*To do:*
Retype the data that follows exactly. No pictures belong in the copy.

*Stored dataset items:*
= Beginning of Section =
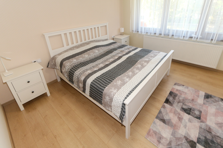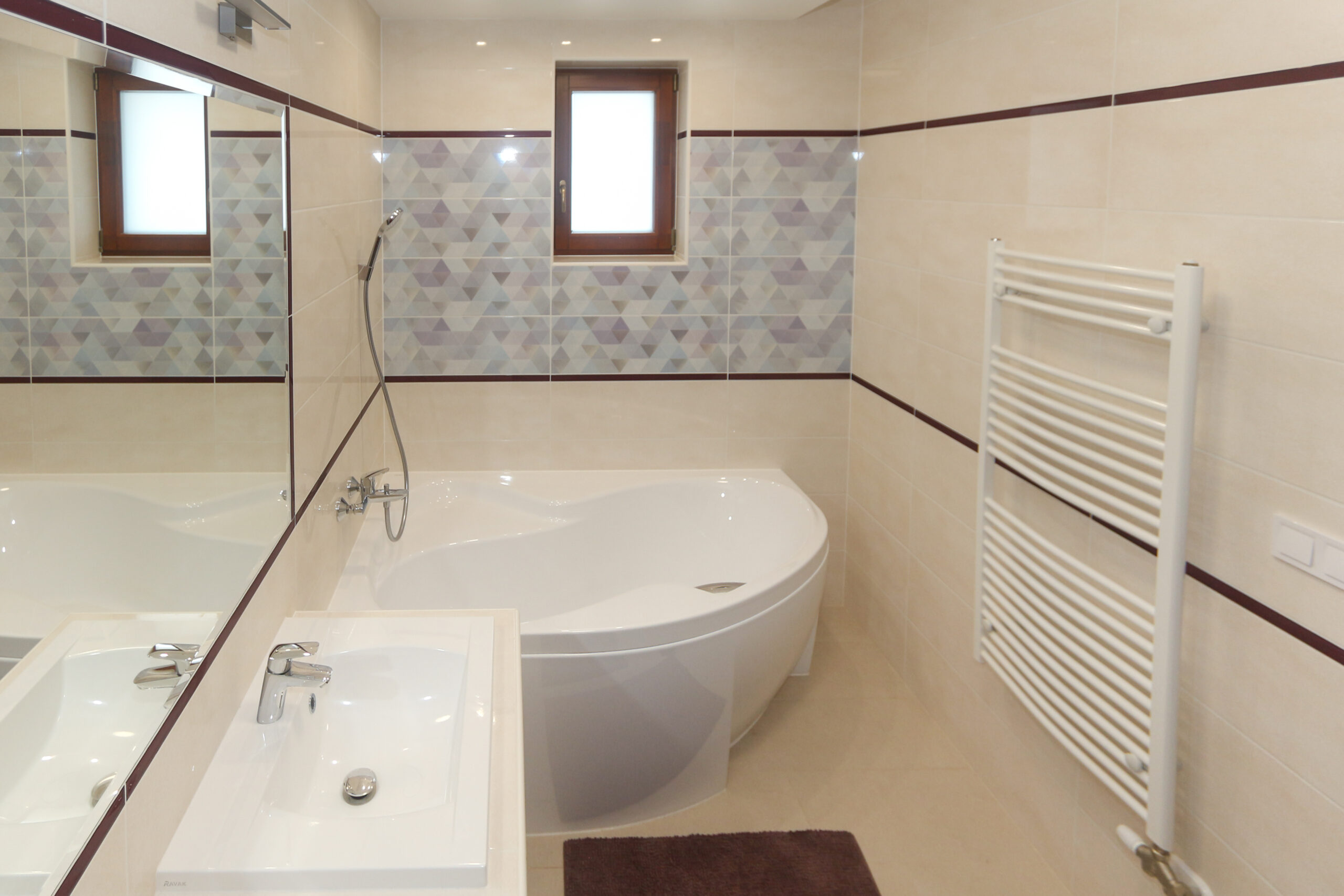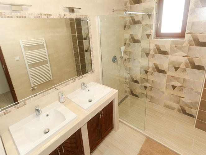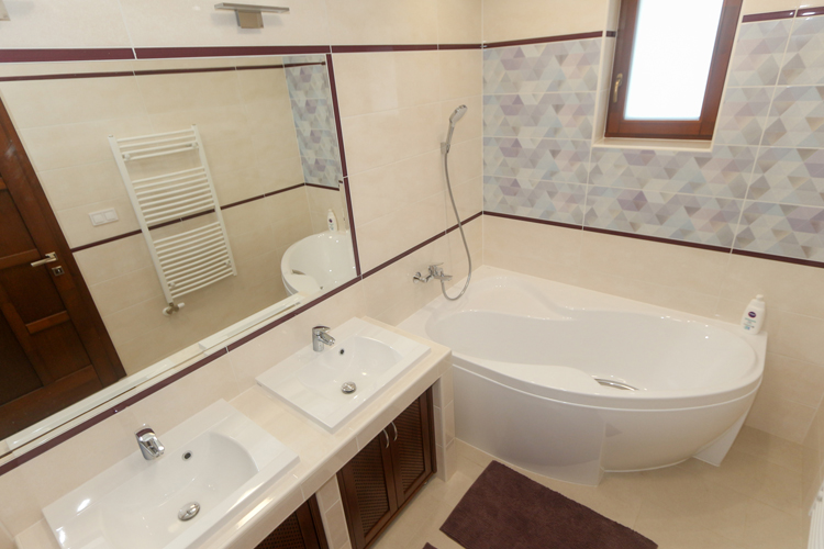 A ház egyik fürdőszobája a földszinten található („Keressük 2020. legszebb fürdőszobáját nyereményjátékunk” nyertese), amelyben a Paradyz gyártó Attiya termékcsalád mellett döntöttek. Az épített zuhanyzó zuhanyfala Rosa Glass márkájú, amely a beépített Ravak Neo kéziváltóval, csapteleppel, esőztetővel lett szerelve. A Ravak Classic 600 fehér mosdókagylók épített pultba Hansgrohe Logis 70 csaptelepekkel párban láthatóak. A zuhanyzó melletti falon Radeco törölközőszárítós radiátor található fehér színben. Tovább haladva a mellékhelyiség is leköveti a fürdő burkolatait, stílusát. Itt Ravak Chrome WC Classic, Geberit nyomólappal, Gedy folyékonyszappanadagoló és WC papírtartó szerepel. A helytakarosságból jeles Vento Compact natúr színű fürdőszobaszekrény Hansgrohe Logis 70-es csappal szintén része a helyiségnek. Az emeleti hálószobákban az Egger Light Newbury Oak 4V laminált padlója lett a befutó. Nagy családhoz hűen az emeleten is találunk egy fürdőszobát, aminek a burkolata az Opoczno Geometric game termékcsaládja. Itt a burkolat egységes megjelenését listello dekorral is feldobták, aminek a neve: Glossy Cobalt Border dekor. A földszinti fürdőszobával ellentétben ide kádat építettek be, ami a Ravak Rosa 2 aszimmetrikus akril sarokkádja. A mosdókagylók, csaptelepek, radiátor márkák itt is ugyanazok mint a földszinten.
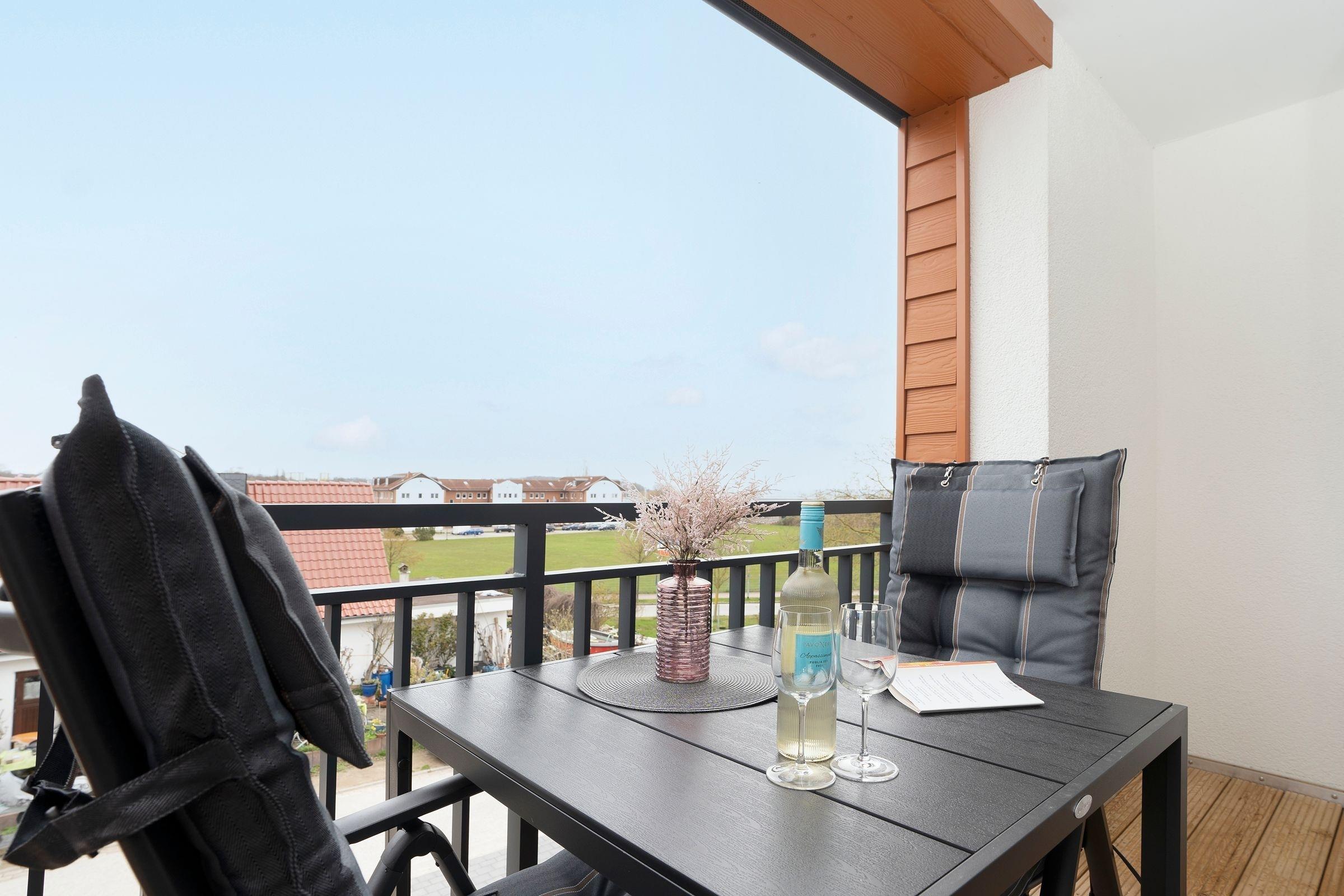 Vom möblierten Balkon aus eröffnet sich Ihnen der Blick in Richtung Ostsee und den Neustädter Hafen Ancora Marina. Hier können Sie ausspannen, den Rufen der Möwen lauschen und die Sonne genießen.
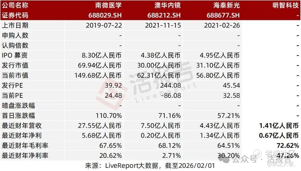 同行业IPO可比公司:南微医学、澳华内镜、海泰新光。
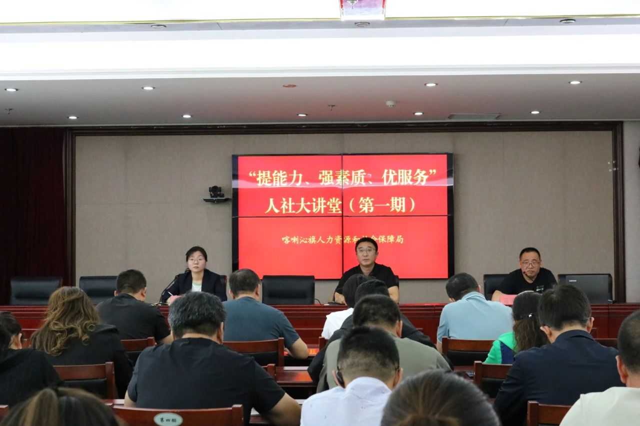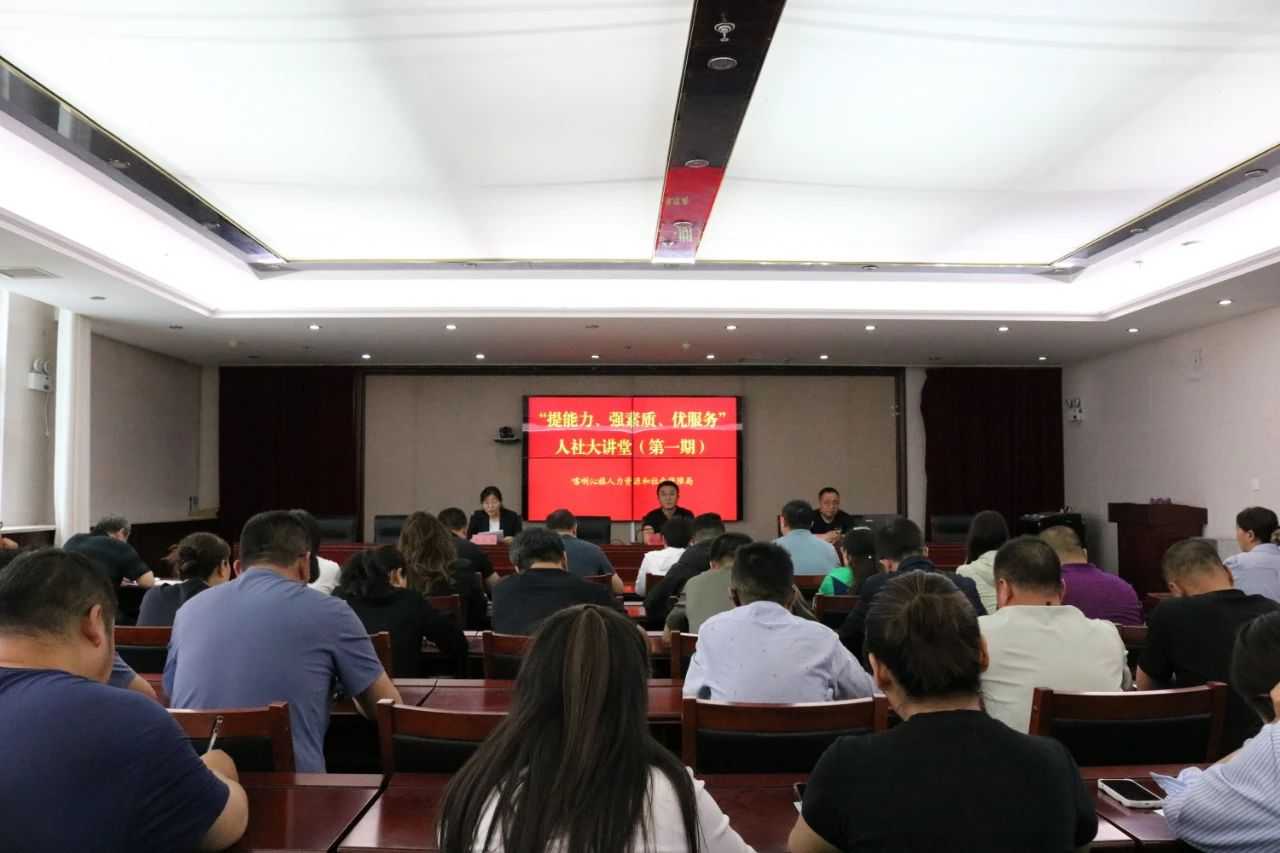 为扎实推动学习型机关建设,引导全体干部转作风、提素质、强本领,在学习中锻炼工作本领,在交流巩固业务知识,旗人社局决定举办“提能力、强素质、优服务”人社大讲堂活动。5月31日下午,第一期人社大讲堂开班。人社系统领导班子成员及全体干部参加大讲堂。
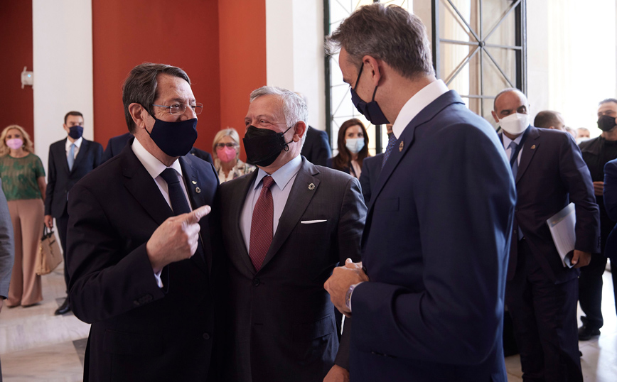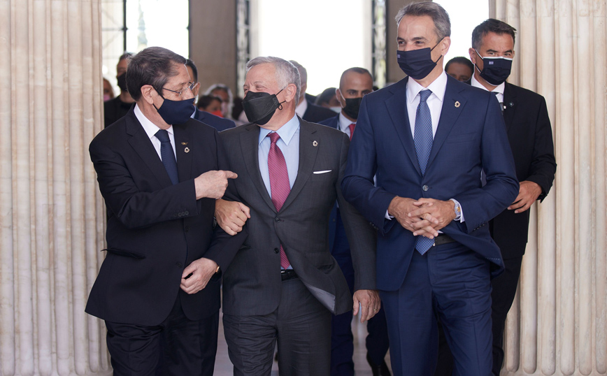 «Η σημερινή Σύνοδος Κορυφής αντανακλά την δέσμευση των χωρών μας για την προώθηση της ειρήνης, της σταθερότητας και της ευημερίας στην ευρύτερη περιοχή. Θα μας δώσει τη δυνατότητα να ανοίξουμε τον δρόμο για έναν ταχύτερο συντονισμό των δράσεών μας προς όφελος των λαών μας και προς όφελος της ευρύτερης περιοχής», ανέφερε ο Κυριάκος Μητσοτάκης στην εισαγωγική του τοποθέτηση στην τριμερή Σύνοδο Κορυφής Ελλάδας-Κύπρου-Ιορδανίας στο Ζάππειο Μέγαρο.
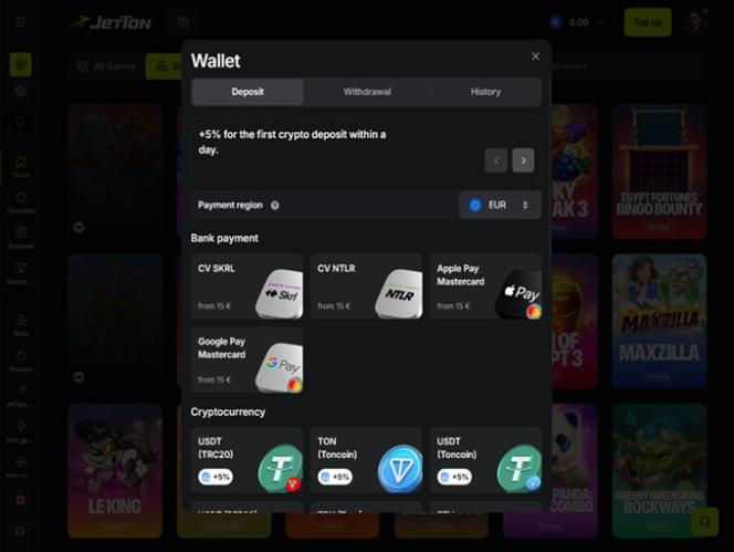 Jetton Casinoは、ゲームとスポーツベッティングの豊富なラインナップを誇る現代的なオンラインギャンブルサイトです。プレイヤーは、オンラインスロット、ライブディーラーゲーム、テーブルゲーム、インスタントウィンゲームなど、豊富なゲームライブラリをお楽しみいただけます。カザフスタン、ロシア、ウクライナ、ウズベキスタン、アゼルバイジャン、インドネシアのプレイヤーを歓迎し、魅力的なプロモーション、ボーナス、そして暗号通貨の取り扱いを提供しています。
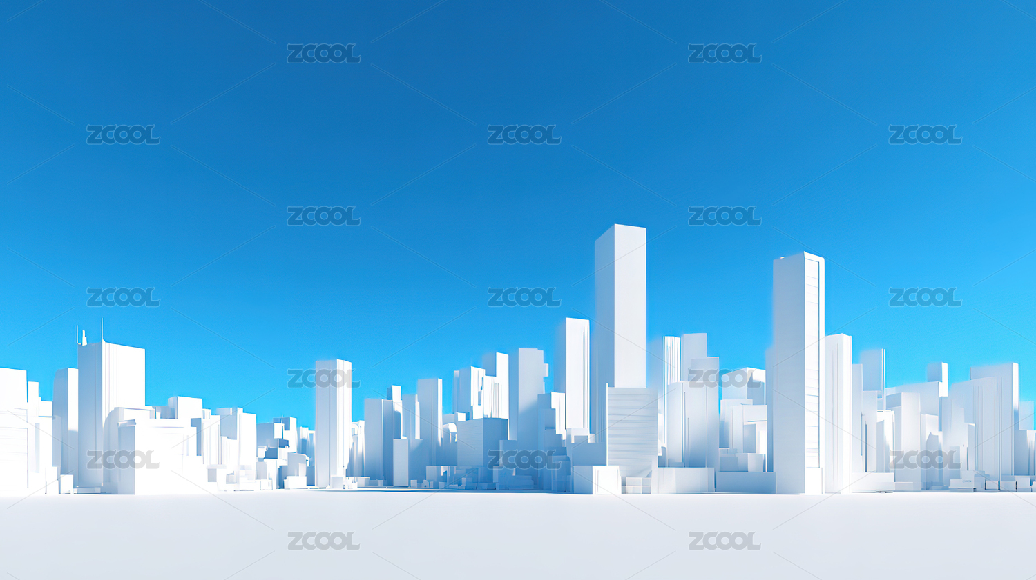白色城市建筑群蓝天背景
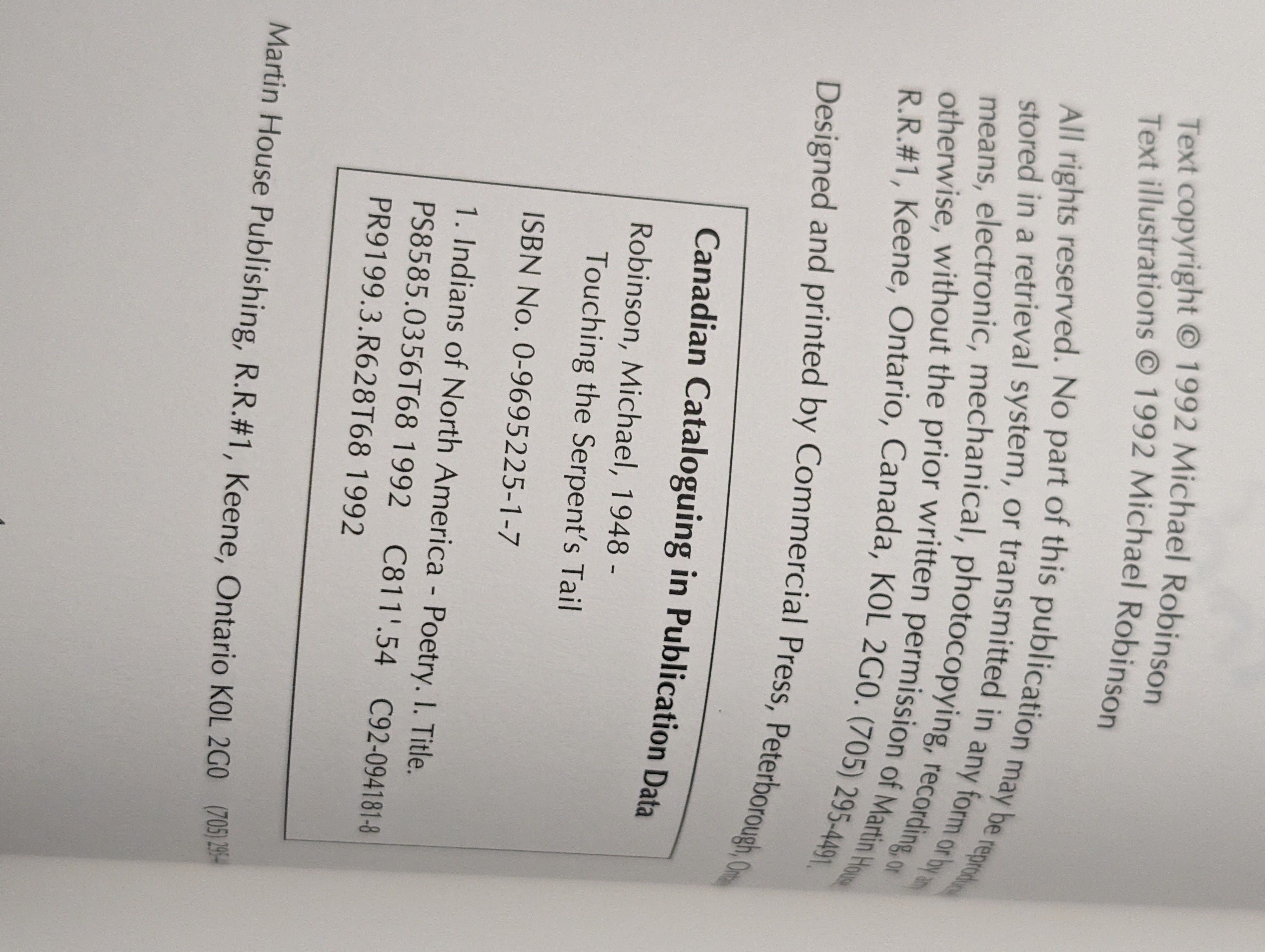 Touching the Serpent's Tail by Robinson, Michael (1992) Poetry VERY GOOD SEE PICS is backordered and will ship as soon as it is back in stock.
= End of Section =
*Your response:*
 A ház egyik fürdőszobája a földszinten található („Keressük 2020. legszebb fürdőszobáját nyereményjátékunk” nyertese), amelyben a Paradyz gyártó Attiya termékcsalád mellett döntöttek. Az épített zuhanyzó zuhanyfala Rosa Glass márkájú, amely a beépített Ravak Neo kéziváltóval, csapteleppel, esőztetővel lett szerelve. A Ravak Classic 600 fehér mosdókagylók épített pultba Hansgrohe Logis 70 csaptelepekkel párban láthatóak. A zuhanyzó melletti falon Radeco törölközőszárítós radiátor található fehér színben. Tovább haladva a mellékhelyiség is leköveti a fürdő burkolatait, stílusát. Itt Ravak Chrome WC Classic, Geberit nyomólappal, Gedy folyékonyszappanadagoló és WC papírtartó szerepel. A helytakarosságból jeles Vento Compact natúr színű fürdőszobaszekrény Hansgrohe Logis 70-es csappal szintén része a helyiségnek. Az emeleti hálószobákban az Egger Light Newbury Oak 4V laminált padlója lett a befutó. Nagy családhoz hűen az emeleten is találunk egy fürdőszobát, aminek a burkolata az Opoczno Geometric game termékcsaládja. Itt a burkolat egységes megjelenését listello dekorral is feldobták, aminek a neve: Glossy Cobalt Border dekor. A földszinti fürdőszobával ellentétben ide kádat építettek be, ami a Ravak Rosa 2 aszimmetrikus akril sarokkádja. A mosdókagylók, csaptelepek, radiátor márkák itt is ugyanazok mint a földszinten.
 Vom möblierten Balkon aus eröffnet sich Ihnen der Blick in Richtung Ostsee und den Neustädter Hafen Ancora Marina. Hier können Sie ausspannen, den Rufen der Möwen lauschen und die Sonne genießen.
 同行业IPO可比公司:南微医学、澳华内镜、海泰新光。
 为扎实推动学习型机关建设,引导全体干部转作风、提素质、强本领,在学习中锻炼工作本领,在交流巩固业务知识,旗人社局决定举办“提能力、强素质、优服务”人社大讲堂活动。5月31日下午,第一期人社大讲堂开班。人社系统领导班子成员及全体干部参加大讲堂。
 «Η σημερινή Σύνοδος Κορυφής αντανακλά την δέσμευση των χωρών μας για την προώθηση της ειρήνης, της σταθερότητας και της ευημερίας στην ευρύτερη περιοχή. Θα μας δώσει τη δυνατότητα να ανοίξουμε τον δρόμο για έναν ταχύτερο συντονισμό των δράσεών μας προς όφελος των λαών μας και προς όφελος της ευρύτερης περιοχής», ανέφερε ο Κυριάκος Μητσοτάκης στην εισαγωγική του τοποθέτηση στην τριμερή Σύνοδο Κορυφής Ελλάδας-Κύπρου-Ιορδανίας στο Ζάππειο Μέγαρο.
 Jetton Casinoは、ゲームとスポーツベッティングの豊富なラインナップを誇る現代的なオンラインギャンブルサイトです。プレイヤーは、オンラインスロット、ライブディーラーゲーム、テーブルゲーム、インスタントウィンゲームなど、豊富なゲームライブラリをお楽しみいただけます。カザフスタン、ロシア、ウクライナ、ウズベキスタン、アゼルバイジャン、インドネシアのプレイヤーを歓迎し、魅力的なプロモーション、ボーナス、そして暗号通貨の取り扱いを提供しています。
白色城市建筑群蓝天背景
 Touching the Serpent's Tail by Robinson, Michael (1992) Poetry VERY GOOD SEE PICS is backordered and will ship as soon as it is back in stock.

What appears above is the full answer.